- **Directions for this task**:
The answer should hold only the lines from the beginning of the material through the one with "若下级系统审核驳回,则单据逐", reproduced exactly and without pictures.

Material to process below:

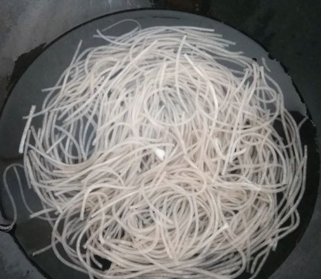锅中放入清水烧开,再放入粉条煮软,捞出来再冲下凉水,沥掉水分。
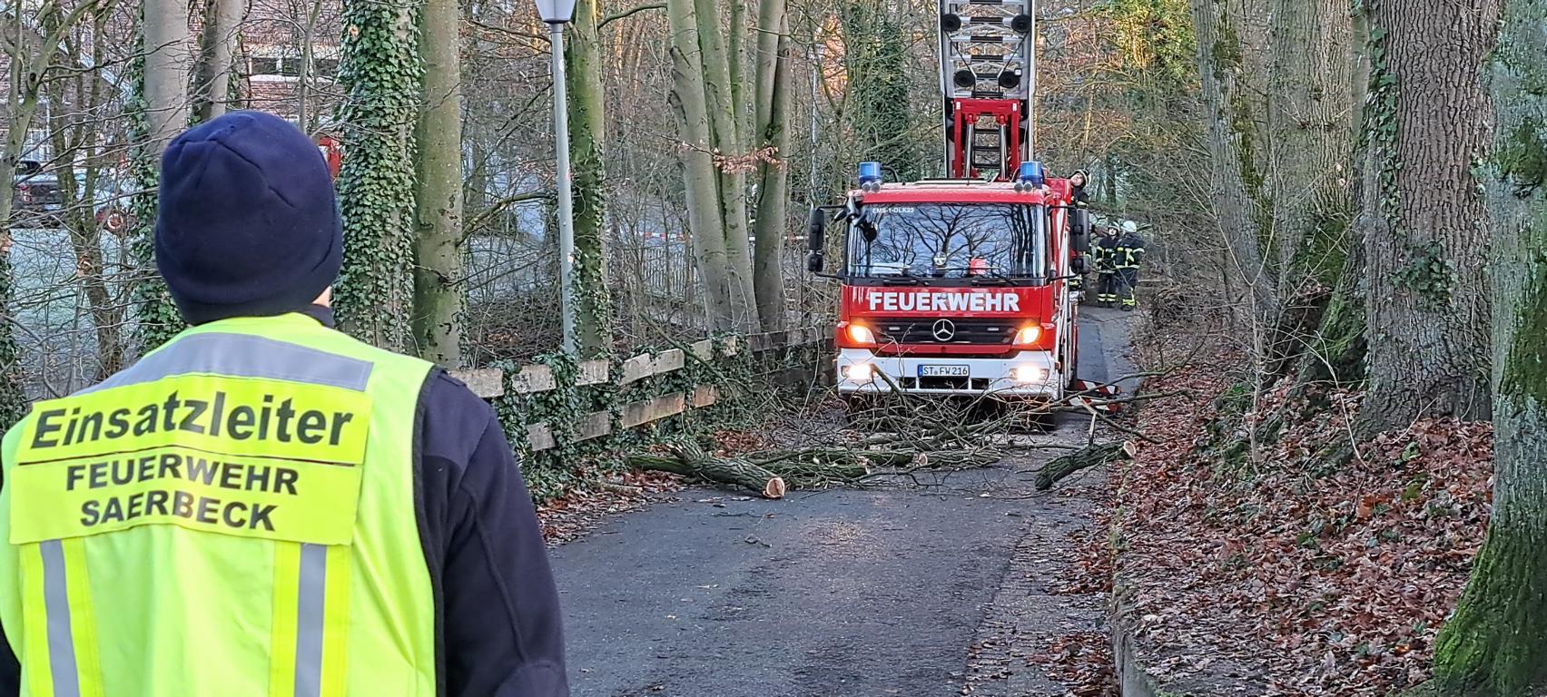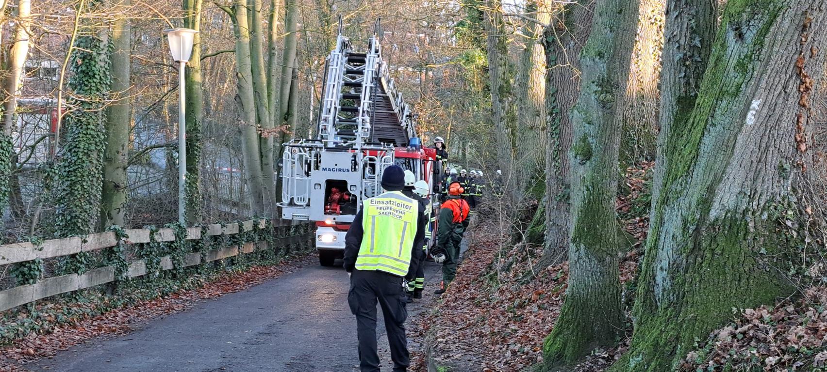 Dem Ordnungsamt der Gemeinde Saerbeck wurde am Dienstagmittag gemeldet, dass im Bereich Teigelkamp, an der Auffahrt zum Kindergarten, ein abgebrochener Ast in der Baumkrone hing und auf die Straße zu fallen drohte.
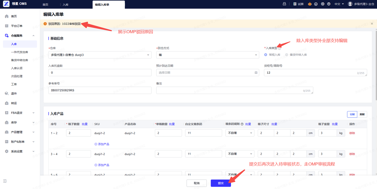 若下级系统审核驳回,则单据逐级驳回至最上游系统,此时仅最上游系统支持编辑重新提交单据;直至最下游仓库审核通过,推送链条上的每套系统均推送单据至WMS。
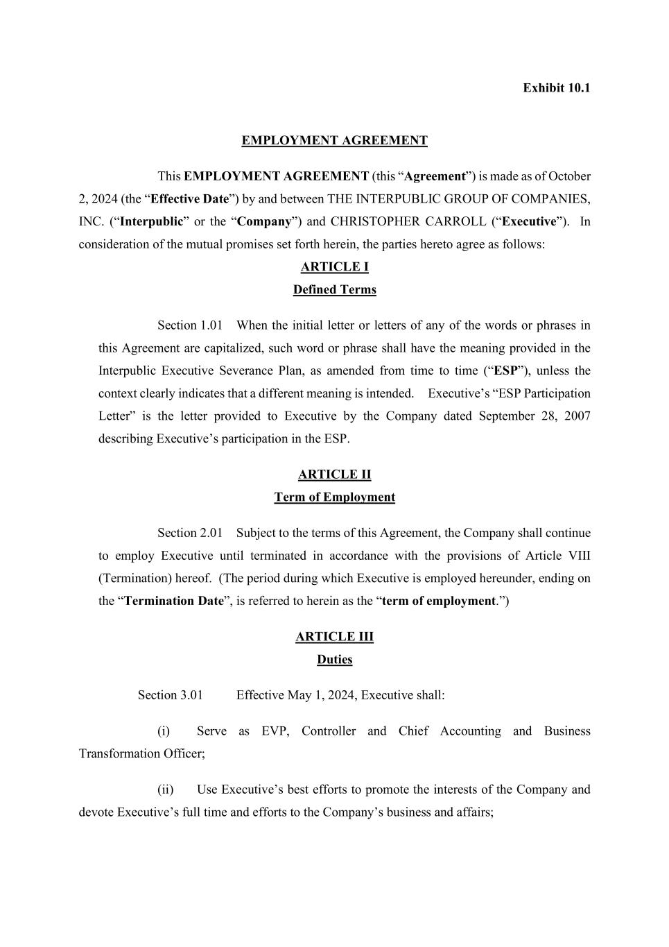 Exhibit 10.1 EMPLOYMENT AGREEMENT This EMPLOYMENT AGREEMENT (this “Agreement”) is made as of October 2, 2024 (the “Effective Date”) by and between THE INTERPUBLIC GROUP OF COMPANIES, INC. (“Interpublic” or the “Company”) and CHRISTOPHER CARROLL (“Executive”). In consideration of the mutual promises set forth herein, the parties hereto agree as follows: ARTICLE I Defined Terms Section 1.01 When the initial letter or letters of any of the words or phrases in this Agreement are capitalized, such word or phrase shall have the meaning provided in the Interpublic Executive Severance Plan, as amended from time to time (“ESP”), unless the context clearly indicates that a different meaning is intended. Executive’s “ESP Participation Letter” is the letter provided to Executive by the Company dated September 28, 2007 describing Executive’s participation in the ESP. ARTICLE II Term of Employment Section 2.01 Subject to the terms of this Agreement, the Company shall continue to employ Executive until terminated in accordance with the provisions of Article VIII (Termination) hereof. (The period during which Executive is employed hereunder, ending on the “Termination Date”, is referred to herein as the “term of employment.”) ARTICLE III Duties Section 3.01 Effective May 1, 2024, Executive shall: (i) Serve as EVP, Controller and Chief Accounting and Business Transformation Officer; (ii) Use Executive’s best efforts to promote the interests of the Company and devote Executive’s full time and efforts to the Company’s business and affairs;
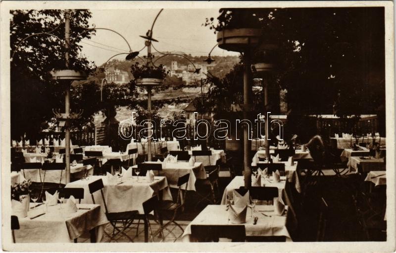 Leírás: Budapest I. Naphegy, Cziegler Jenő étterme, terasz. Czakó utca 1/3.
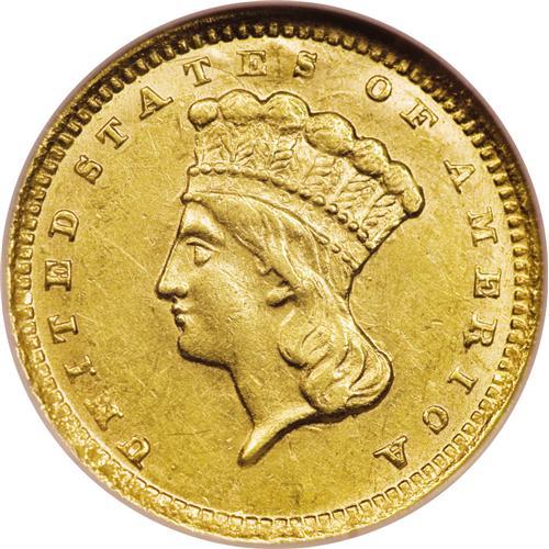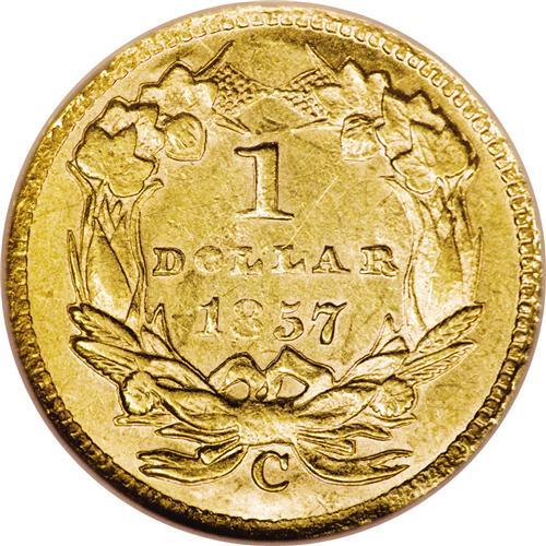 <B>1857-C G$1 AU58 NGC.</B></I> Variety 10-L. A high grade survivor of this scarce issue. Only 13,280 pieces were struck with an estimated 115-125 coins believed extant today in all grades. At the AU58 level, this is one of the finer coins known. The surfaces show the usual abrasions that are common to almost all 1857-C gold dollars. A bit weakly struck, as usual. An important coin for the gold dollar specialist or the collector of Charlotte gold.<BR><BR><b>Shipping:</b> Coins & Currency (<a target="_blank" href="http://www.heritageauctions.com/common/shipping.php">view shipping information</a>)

End of Material to process.

- **Output of the exercise**:
锅中放入清水烧开,再放入粉条煮软,捞出来再冲下凉水,沥掉水分。
 Dem Ordnungsamt der Gemeinde Saerbeck wurde am Dienstagmittag gemeldet, dass im Bereich Teigelkamp, an der Auffahrt zum Kindergarten, ein abgebrochener Ast in der Baumkrone hing und auf die Straße zu fallen drohte.
 若下级系统审核驳回,则单据逐级驳回至最上游系统,此时仅最上游系统支持编辑重新提交单据;直至最下游仓库审核通过,推送链条上的每套系统均推送单据至WMS。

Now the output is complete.